3253171814_8011d90128_b (1)[1]

Now you might be thinking “Hang on, we already know the answer” – even though it took a while to get a clear result. But I’m not talking about who formed government – that’s a settled fact and most people would know the answer to that question. I’m asking who actually won.

The reason this is a question worth asking is because Malcolm Turnbull and the Liberal Party certainly didn’t win the election. They suffered a significant loss of seats and have barely retained majority government by the thinnest of margins. After the botched calling of a double dissolution and rewriting the electoral rules for the Senate, the Upper House is now potentially more difficult for the government to get legislation passed through than it was prior to the election.

SD and Australia's PM Malcolm Turnbull pose for a photo together
It’s not nice to call someone a loser, nor particularly respectful when they’re the Prime Minister, but it’s hard not to see Turnbull as a political one at this point.

But the Opposition Labor Party certainly didn’t win either. Despite electoral gains, they didn’t “win” by any stretch of the imagination. The Australian public was certainly not prepared to endorse Bill Shorten and his colleagues to run the country.

Shorten X                                                                                      [3]

The Greens didn’t win, failing to gain in any of the seats they supposedly stood a chance to take and losing one of their Senate spots.

Di Natale X[4]

Social conservatives didn’t win – as they currently still have a very non-conservative leader running the government. Religious conservatives didn’t win, as no specifically Christian parties gained any seats in the election and Family First’s Bob Day is the only senator of that general persuasion who retained his seat.

The pro-life cause didn’t win, as the most active champion of the rights of unborn children in the Australian Senate, John Madigan (formerly of the DLP) was not re-elected.

The only real winners at this election were Nick Xenophon; Pauline Hanson; their respective parties; and the people who were disenchanted enough with the major parties to vote for them.

2009_07_24_Nick_Xenophon_speaking_cropped                                                [5]

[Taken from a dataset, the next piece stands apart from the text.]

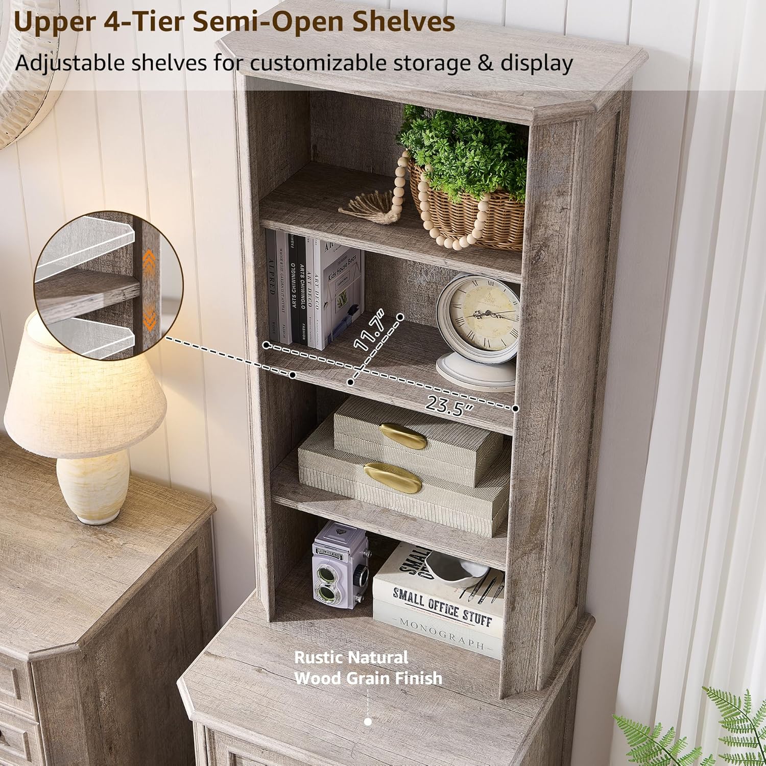 - 4 Adjustable Open Shelves & Spacious Display Surface: This wooden bookshelf with storage features four adjustable semi-open shelves, each with three height settings (up or down 2.5"), allowing you to customize shelf spacing between 7.2β-14.7β to fit books, trophies, decorative items, and frequently accessed items. The 23.5-inch wide tabletop expands your display area while bringing a touch of warmth and farmhouse style to your space
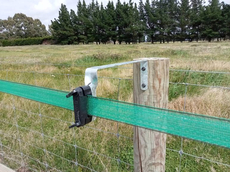 Galvanised steel outriggers, 30cm long these outriggers are robust and the Y Post insulators clip on and tension the tape to each post. These insulators sell individually for $2.50 each. Outrigger and insulator $6.50. We suggest you use an insulator end at the start and finish of your tape to pull it tightly.

Xenophon and his team have the potential to play a positive role in Australian political life, by being a centrist force that holds the major parties to account. Their antipathy towards gambling and support for state and consumer rights are certainly welcome. However, Xenophon’s support for same-sex marriage is a serious blight on his policy program from a conservative perspective. And while his concerns about Scientology and the Catholic Church are partially grounded, one has to wonder whether his preparedness to crusade against particular religious groups makes him a potential danger to freedom of religion in Australia.


Pauline Hanson and One Nation’s resurgence is a terrible outcome for everyone bar her team and those who gave their first preference votes to them. The fear-driven, reactionary, political populism One Nation represents is not a positive force in our public life. While Senator Hanson may make federal politics more colourful, it’s a clashy, unpleasant sort of colour we’re talking about. Bad memories and alarm have already been triggered by her re-election.

So while I think the election outcome in the House of Representatives was about the best we could have hoped for in a dismal situation (i.e. a Coalition government with the slimmest of majorities), the overall make-up of Parliament is certainly not great. The election wasn’t a win for Australia.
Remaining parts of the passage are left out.